Он стал звонить в институт. В кабинете Кулагина телефон не отвечал. Фатеев начал нервничать.
Наконец ответили из ординаторской. Говорила Крупина.
— Тамара Савельевна! — обрадовался Фатеев. — Как хорошо, что это вы… Мы с вами, правда, еще не знакомы, но я много слышал о вас. Моя фамилия — Фатеев. Да, да, доцент Фатеев… Что? Совершенно правильно — Виктор Дмитриевич… Понимаете, тут такое дело… я звонил Сергею Сергеевичу, но его нигде нет. То есть он где-то есть, но где — не знаю… А мне срочно надо выехать в совхоз «Рассвет», в тамошнюю больницу… Понимаете?
— Пока не очень, — рассмеялась Крупина, — но это не столь важно, раз вы говорите, что вам срочно нужно…
«Какой приятный тембр голоса», — некстати отметил про себя Фатеев, и это чуть было не сбило его с мысли.

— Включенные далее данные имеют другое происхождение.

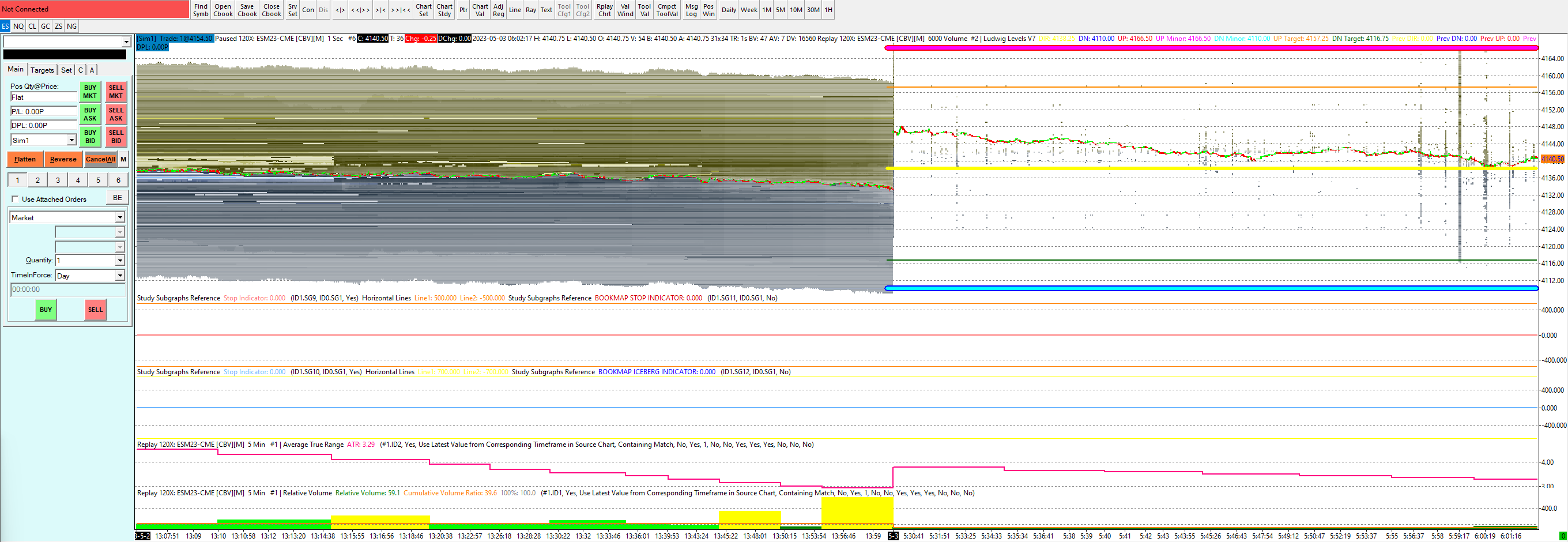 We did a replay at 480 times with market depth data, and the market depth data displayed by the Market Depth Historical Graph was 100% identical for replayed data, as compared to the market depth data loaded when using Chart >> Reload and Recalculate. We do not know what is happening in your case. Maybe there is some out of memory condition occurring or an issue caused by a custom study. Run Sierra Chart in Safe Mode: Sierra Chart - Software Login Instructions: Using Safe Mode What is the Replay Mode set to: Replaying Charts: Replay Mode Sierra Chart Support - Engineering Level Your definitive source for support. Other responses are from users. Try to keep your questions brief and to the point. Be aware of support policy: https://www.sierrachart.com/index.php?l=PostingInformation.php#GeneralInformation For the most reliable, advanced, and zero cost futures order routing, use the Teton service: Sierra Chart Teton Futures Order Routing Date Time Of Last Edit: 2023-05-09 10:54:34

— Понимаете, я не успею ни отпуска оформить за свой счет, ни командировки, если бы мне такую дали в институте. А там какой-то серьезный случай!
— Деньги-то у вас есть, — перебила Крупина, — на поезд?

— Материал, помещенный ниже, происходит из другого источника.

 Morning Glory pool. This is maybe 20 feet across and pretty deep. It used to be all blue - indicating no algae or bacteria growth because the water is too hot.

— Да, да, — поспешно сказал Фатеев, — но за мной машину пришлют.
— Поезжайте, — решительно произнесла Крупина, — я скажу. Завтра же. Не волнуйтесь, я все сделаю.
— Благодарю, — с облегчением вздохнул Фатеев, — теперь я еще больше хочу познакомиться с вами.
Двести километров на газике по местной дороге, ухабистой и коварной, далеко не милая увеселительная прогулка. Фатеева укачало и неудержимо потянуло в сон.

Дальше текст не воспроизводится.